Pytorch Direct ML for non-Nvidia GPUs on Windows

xjdeng · October 25, 2021, 2:21pm

Found this in my social media feed today but haven’t tried it yet:

Theoretically, you’ll be able to use the GPU on Windows with DirectX12 by selecting this backend. This may open up more ways to use Fastai on machines without Nvidia GPUs though Mac users are still SOL unless they dual boot windows.

esistgut · November 4, 2021, 2:39am

Hello, I’m new here, this is the only thread discussing fastai on pytorch-directml on the internet.
Did you actually give it a try? I’m just starting the fastai course and I would like to test it locally on my Radeon 5700 XT GPU. This could be the only way to do it but I don’t know the library enough yet to test it myself.

Girard5416 · November 25, 2021, 11:40am

Thanks for sharing this info this is useful keep it up.

xjdeng · November 22, 2022, 1:01am

Update: I’ve been able to install DirectML and Fastai together. Pytorch seems to use DirectML alright but Fastai seems to fall back to the CPU even when I specifically tell it to use DirectML.

Here’s how to reproduce on a Windows machine. Yes, I know I’m using pip but DirectML doesn’t seem to like Conda for some reason. Yes, you’ll need to eventually uninstall the default pytorch and replace it with pytorch-directml.

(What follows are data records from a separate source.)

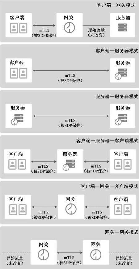 客户端—网关—客户端模式是客户端—服务器—客户端模式的变形,该模式支持对等网络协议,要求客户端在执行SDP访问策略时直接进行连接。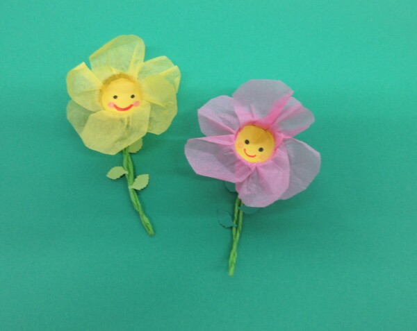 - おはながみと色画用紙を使って花をつくり、きつつきの部屋に飾ります。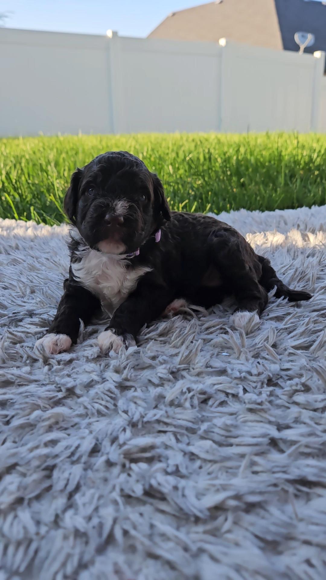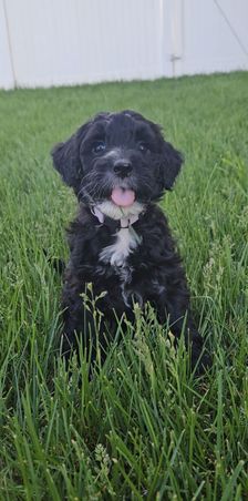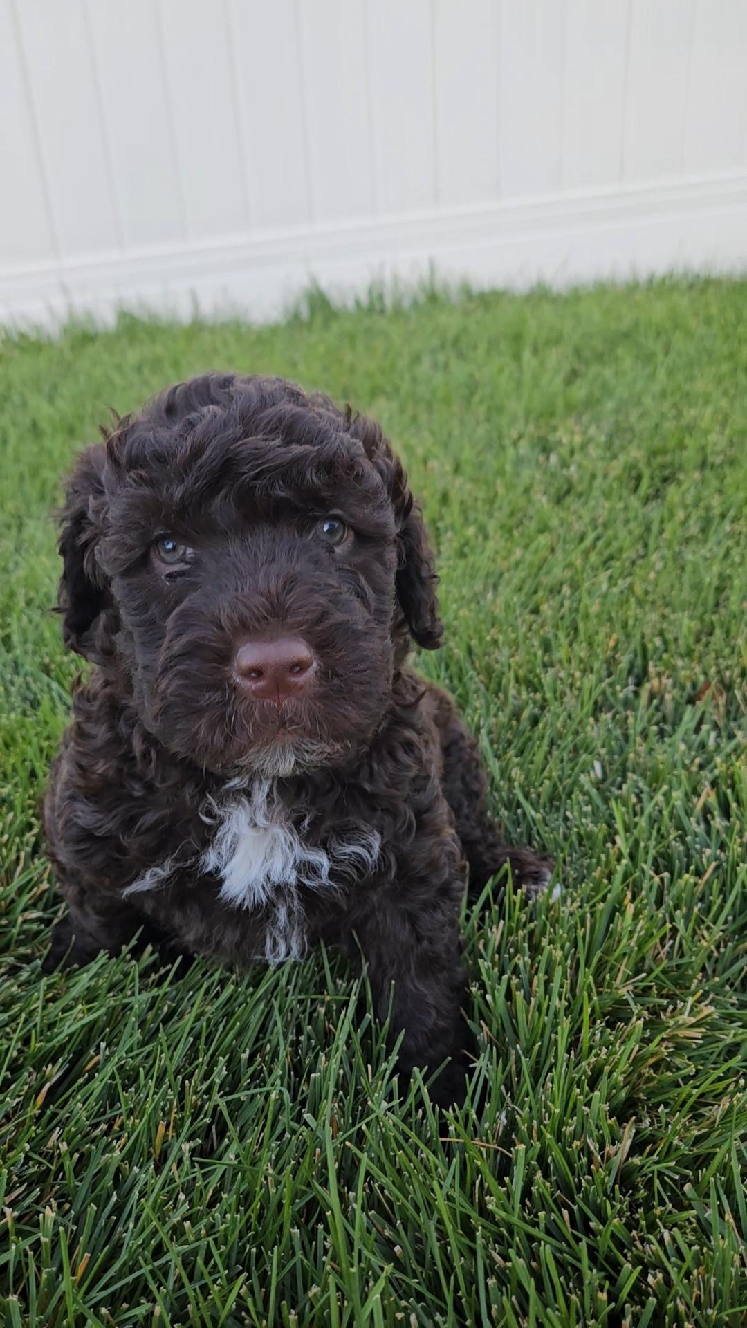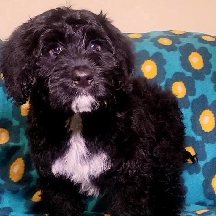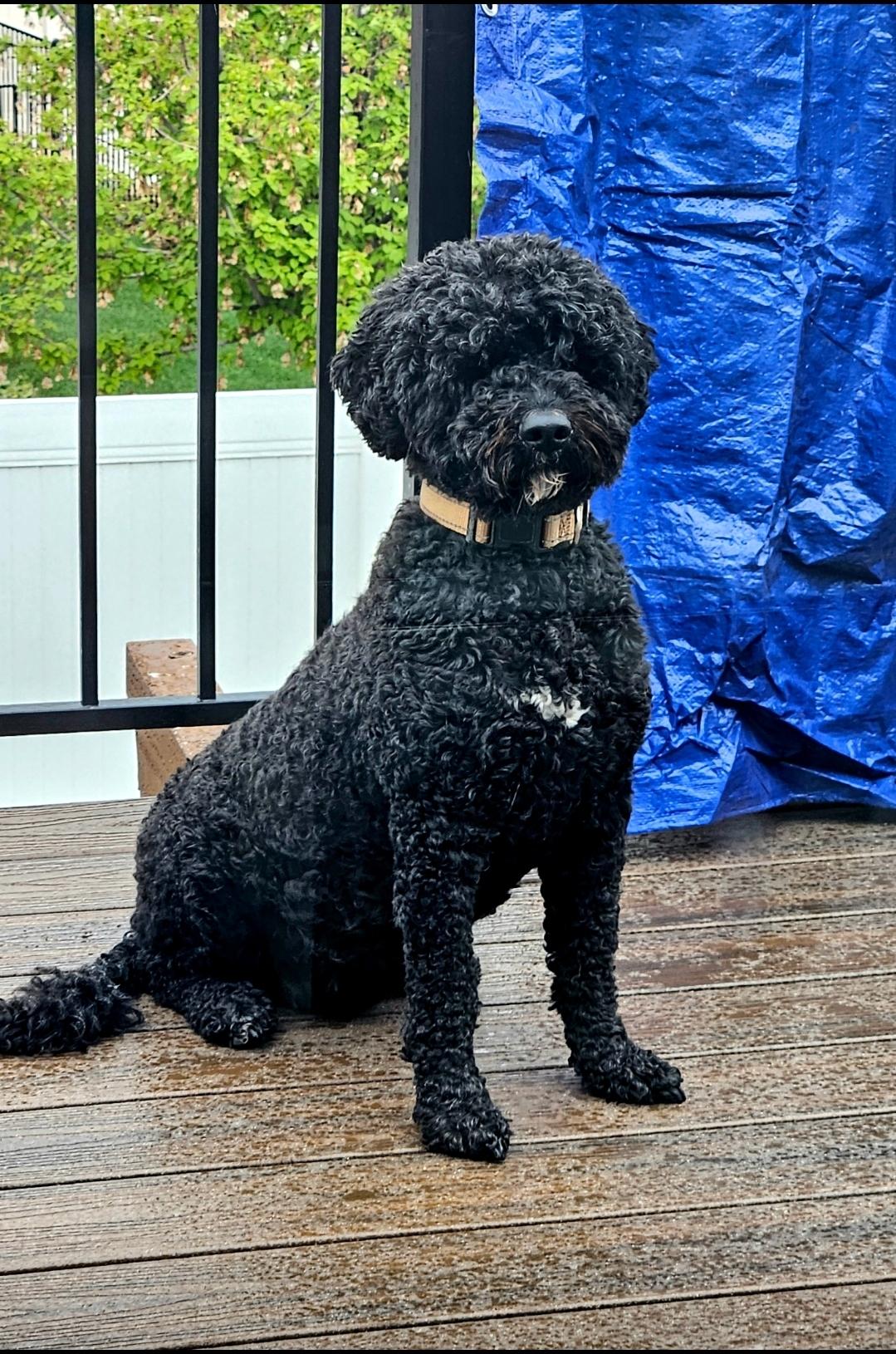 Samba is everything a Portuguese Water Dog should be- fun, happy go lucky, non agressive, and athletic. She is a true velcro dog and con be found glued to my side most of the time. She is intuitive and caring and always seems to be comforting someone. She loves to play at the lake and will swim with the kids all day. The only thing she loves more than swimming is riding on a kayak or paddle board. She is an excellent Mama and has produced the most amazing puppies. Her personality is seriously the best, and she spends her days playing with my kids ages 2-10. She is patient, loving, smart, and exceptionally loyal. She will take all the belly rubs you can give! She has beautiful Curly Black hair with small white markings.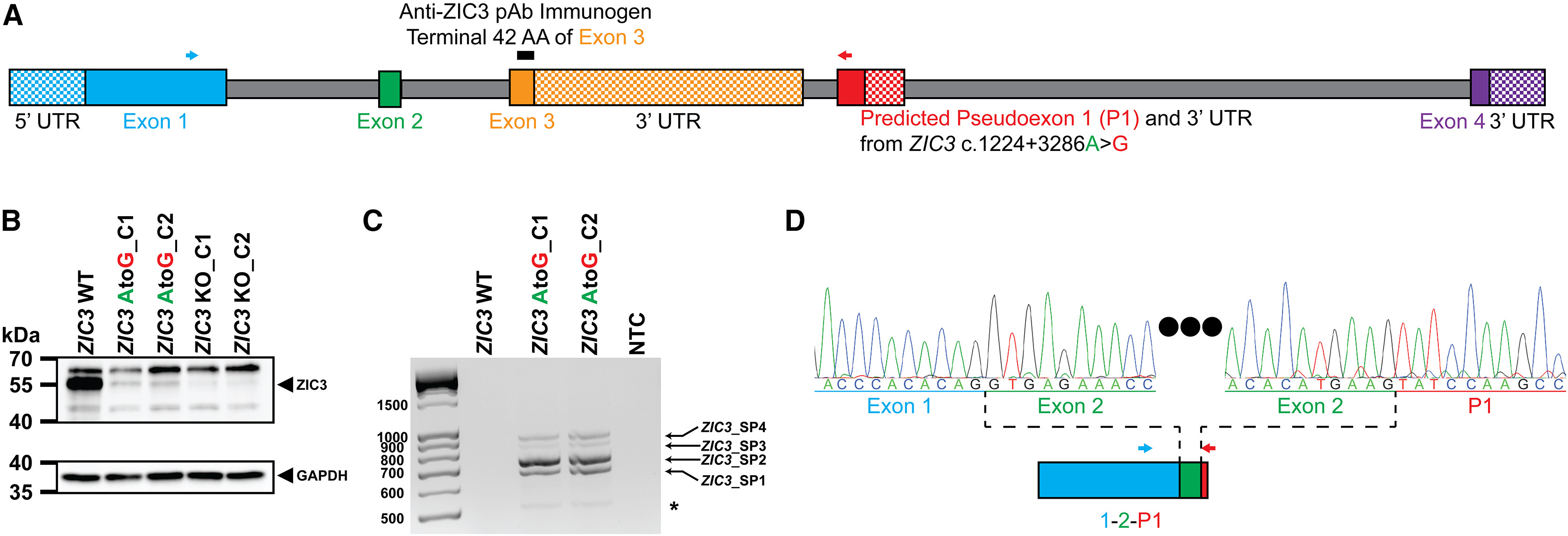 Figure 3. ZIC3 c.1224+3286A>G variant reduces level of ZIC3 isoform 1 and disrupts RNA splicing(A) Illustrative representation of ZIC3 showing the immunogen region of the ZIC3 polyclonal antibody (pAb) used in (B), which corresponds to the terminal 42 amino acids of exon 3 and the location of forward and reverse primers (blue and red arrows, respectively) used for preliminary splicing analysis in (C) and (D). AA, amino acids.(B) Immunoblotting image of ZIC3 isoform 1 (∼55 kDa) detected in cell lysates from H1-OCT4-eGFP human embryonic stem cells (hESCs). The ZIC3 c.1224+3286A>G clones (ZIC3 AtoG_C1 and C2, respectively), as well as the ZIC3 knockout clones (ZIC3 KO_C1 and C2, respectively) were generated by CRISPR-Cas9 technology. The ZIC3 WT denotes non-edited H1-OCT4-eGFP hESC. Based on sequence homology, the bands at ∼60–65 kDa and ∼45 kDa might correspond to ZIC2 and ZIC4, respectively. GAPDH served as loading control.(C) Electrophoretogram of amplicons obtained by RT-PCR from cDNA amplification of ZIC3 WT, ZIC3 AtoG_C1, and ZIC3 AtoG_C2 cells. Forward and reverse primers are in exon 1 and P1, respectively (blue and red arrows in A). NTC, no-template control. The asterisk denotes a 518-bp amplicon of the initially predicted ZIC3 isoform containing exons 1-2-P1. The four other amplicons correspond to the dominant splicing patterns between exon 1 and P1: ZIC3_SP1–ZIC3_SP4 (details in Figure S8).(D) Sanger sequencing chromatogram of the 518-bp putative ZIC3 isoform containing exons 1, 2, and P1. The black dots interrupting the sequence of exon 2 represent a break so that the sequences of the junctions are displayed. |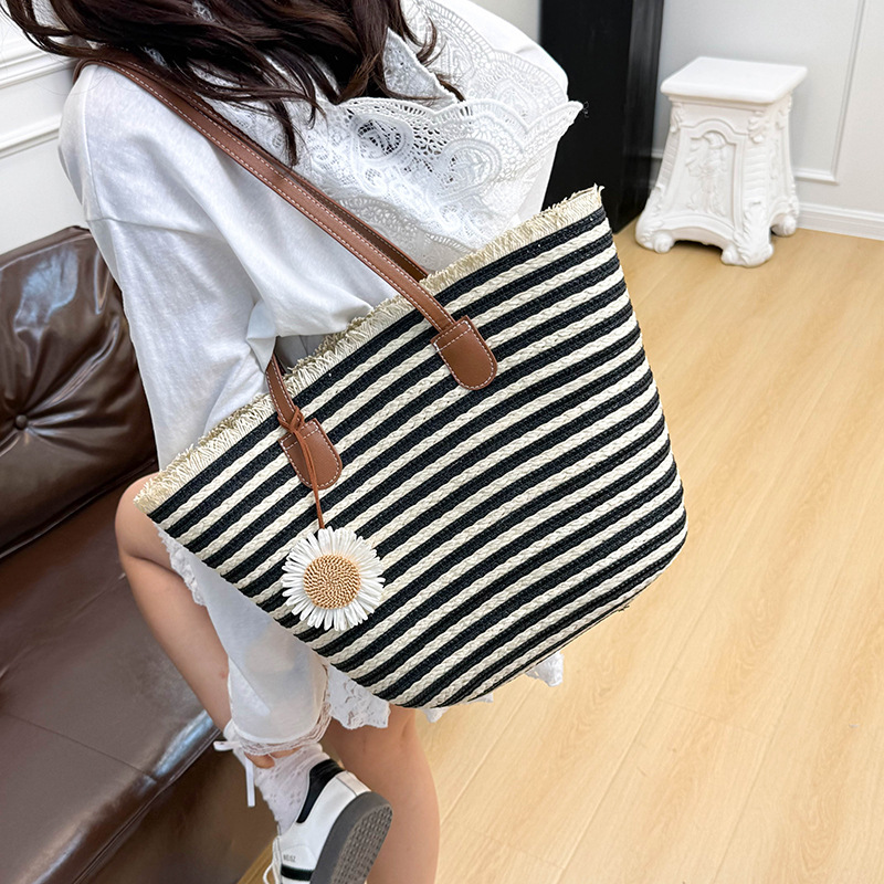 夏のファッション大容量わらバッグ新しいストライプパーソナライズされたトートバッグホリデースタイルカジュアル旅行織バッグ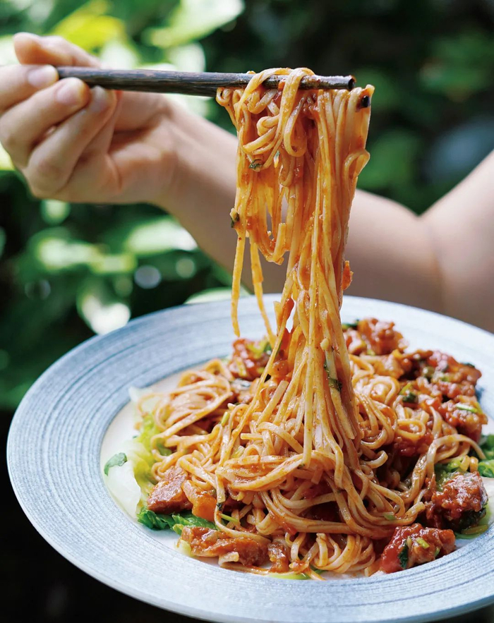 菌酱作为浇头,吃的时候不要只顾着夹菌子,舀点菌油到面里,挑起来一拌,面条裹满菌香,不要太好吃!

conda create -n directml-test python=3.8 ipython

conda activate directml-test

pip install fastai torchvision==0.9.0

pip uninstall torch

pip install pytorch-directml

Now open up Python and run the following:

import torch

tensor1 = torch.tensor([1]).to("dml")
tensor2 = torch.tensor([2]).to("dml")
dml_algebra = tensor1 + tensor2
dml_algebra.item()

You shouldn’t get an error if your DirectML is set up.

Now run the following:

from fastai.vision.all import *

def catsanddogs(mydevice = "dml"):
    path = untar_data(URLs.PETS)
    files = get_image_files(path/"images")
    def label_func(f): return f[0].isupper()
    defaults.device = torch.device(mydevice)
    dls = ImageDataLoaders.from_name_func(path, files, label_func, item_tfms=Resize(224), num_workers=0)
    learn = cnn_learner(dls, resnet34, metrics=error_rate)
    learn.fine_tune(1)

Invoke the following and open your Windows Task Manager, monitoring your CPU and Memory usage patterns:

catsanddogs('cpu')

Afterwards, run the following to do the exact same as above but on the DirectML GPU:

catsanddogs('gpu')

At least for me, I see the exact same pattern of CPU and Memory usage as well as training speed. It’s as if it’s using the CPU instead of the DirectML GPU. I’ve confirmed the exact same behavior on two different computers! I’m not sure if your experience is the same; maybe I’m not using the right commands or what not?